Data provided »
================================

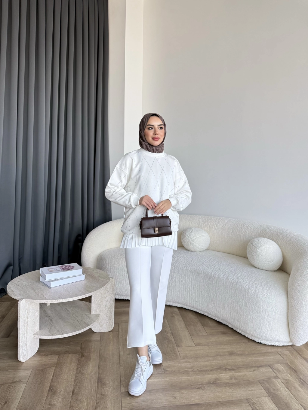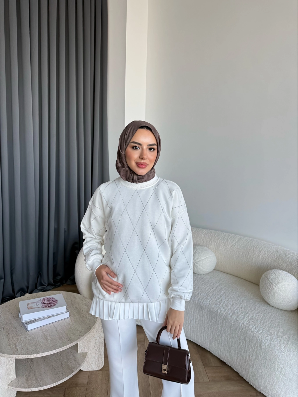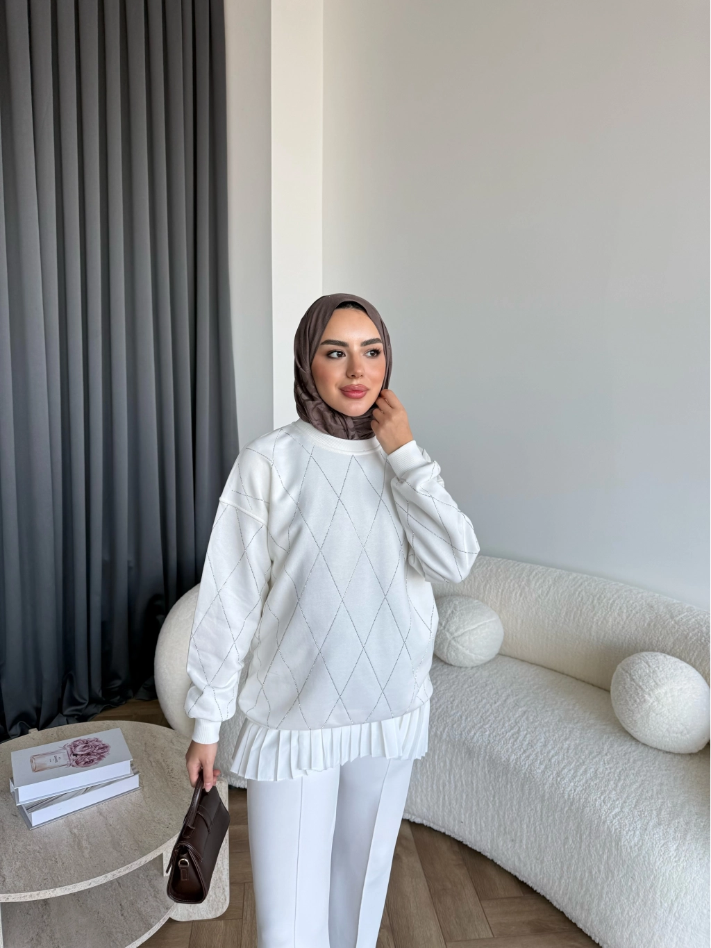 Gn-Elban Taşlı Sweat - Beyaz
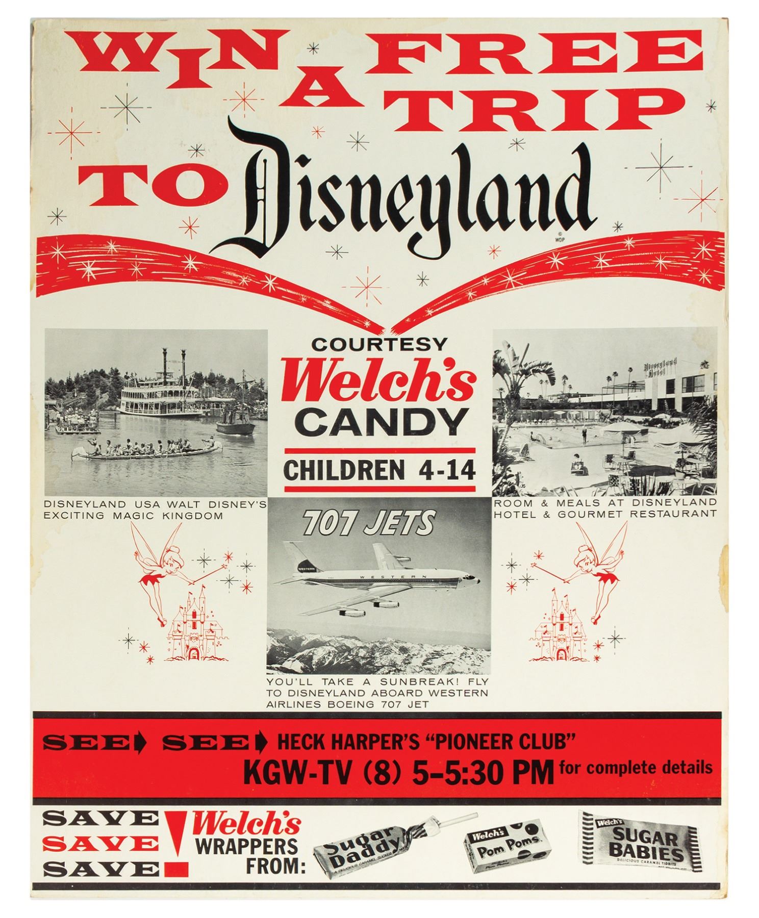 (Disneyland, c.1957) A promotional contest poster created for Welch's Candies, offering a chance to win a free trip to Disneyland. The poster includes several early photos of Disneyland and the Disneyland Hotel, and mentions that Heck Harper's Pioneer Club TV show would feature the contest details. Measuring 28"x22" on art board, the poster is in fair condition with some moisture staining along the top and edges, and some general wear throughout from use.
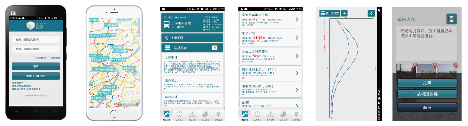 移动监测系统涵盖iOS以及Android两大移动平台,让用户能随时随地关注工程安全状态,提供监测数据报表的查看,由总评表、分项报表、测点曲线的三层查看模式,以及其他工程信息的查看发布平台,方便用户了解工程的项目信息、监测报警、监测数据、监测曲线、现场工况、工程定位等等信息,相关各方可以随时随地通过网络查询自己关心的数据,并通过移动监测内置的通讯录及时和相关各方沟通。系统同时利用智能手机硬件特点,实现了工程地点地图地位。结合移动终端摄像头功能实现现场工况的直接拍照采集现场情况,通过移动网络上传至平台后,可在发布浏览系统中直接浏览查看。
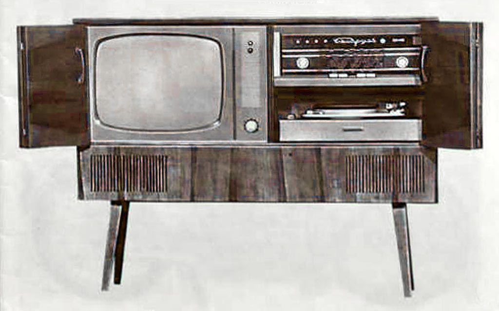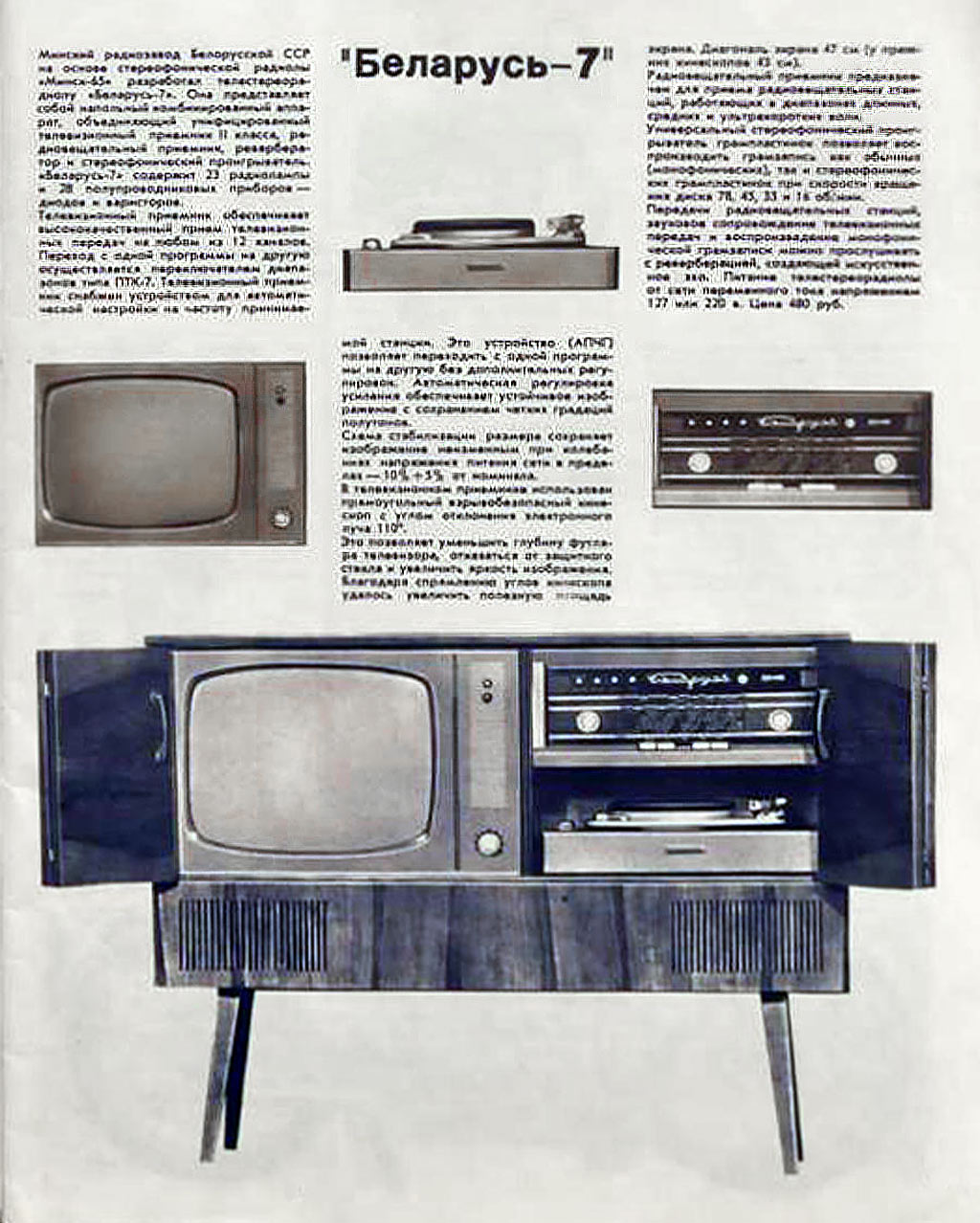 Телерадиолу *Беларусь-7* с осени 1964 года планировал выпускать Минский радиозавод имени В.И.Ленина. Телерадиола *Беларусь-7* создана на базе стереофонической радиолы *Минск-63* и телевизора УНТ-47. Приёмник установки работает в диапазонах длинных, средних и ультракоротких волн. Чувствительность телерадиолы при приёме телевизионных программ 50 мкВ, радиостанций в AM - 200 мкВ, в ЧМ - 30 мкВ. Селективность в тракте АМ - 26 дБ. Номинальная выходная мощность 2х1 Вт. Диапазон воспроизводимых звуковых частот при прослушивании грамзаписи - 80...10000 Гц, при приёме УКВ-ЧМ станций - 120...7000 Гц, при приёме АМ станций - 120...3550 Гц. Акустическая система модели состоит из четырёх громкоговорителей, двух фронтальных и двух боковых. Питается телерадиола от сети переменного тока с напряжением 220 или 127 В, потребляя мощность 180 Вт при приёме ТВ программ, 80 Вт при радиоприёме и 100 Вт при работе ЭПУ. Универсальный трёхскоростной ЭПУ проигрывает моно и стереофонические грампластинки любых форматов. Звуковое сопровождение телепрограмм, радиовещания и грамзаписи можно прослушивать и с реверберацией. Телерадиола серийно не выпускалась. Было выпущено несколько экземпляров для демонстрационных выставок, организована рекламная компания, но дальше почему-то не пошло. Слева реклама установки в журнале *Новые Товары* № 9 за 1965 год.

================================

What you will do » The copy must begin at the line containing "移动监测系统涵盖iOS以及A" and end at the last line of the data above, with every line retyped exactly and no pictures included.

Response »
 移动监测系统涵盖iOS以及Android两大移动平台,让用户能随时随地关注工程安全状态,提供监测数据报表的查看,由总评表、分项报表、测点曲线的三层查看模式,以及其他工程信息的查看发布平台,方便用户了解工程的项目信息、监测报警、监测数据、监测曲线、现场工况、工程定位等等信息,相关各方可以随时随地通过网络查询自己关心的数据,并通过移动监测内置的通讯录及时和相关各方沟通。系统同时利用智能手机硬件特点,实现了工程地点地图地位。结合移动终端摄像头功能实现现场工况的直接拍照采集现场情况,通过移动网络上传至平台后,可在发布浏览系统中直接浏览查看。
 Телерадиолу *Беларусь-7* с осени 1964 года планировал выпускать Минский радиозавод имени В.И.Ленина. Телерадиола *Беларусь-7* создана на базе стереофонической радиолы *Минск-63* и телевизора УНТ-47. Приёмник установки работает в диапазонах длинных, средних и ультракоротких волн. Чувствительность телерадиолы при приёме телевизионных программ 50 мкВ, радиостанций в AM - 200 мкВ, в ЧМ - 30 мкВ. Селективность в тракте АМ - 26 дБ. Номинальная выходная мощность 2х1 Вт. Диапазон воспроизводимых звуковых частот при прослушивании грамзаписи - 80...10000 Гц, при приёме УКВ-ЧМ станций - 120...7000 Гц, при приёме АМ станций - 120...3550 Гц. Акустическая система модели состоит из четырёх громкоговорителей, двух фронтальных и двух боковых. Питается телерадиола от сети переменного тока с напряжением 220 или 127 В, потребляя мощность 180 Вт при приёме ТВ программ, 80 Вт при радиоприёме и 100 Вт при работе ЭПУ. Универсальный трёхскоростной ЭПУ проигрывает моно и стереофонические грампластинки любых форматов. Звуковое сопровождение телепрограмм, радиовещания и грамзаписи можно прослушивать и с реверберацией. Телерадиола серийно не выпускалась. Было выпущено несколько экземпляров для демонстрационных выставок, организована рекламная компания, но дальше почему-то не пошло. Слева реклама установки в журнале *Новые Товары* № 9 за 1965 год.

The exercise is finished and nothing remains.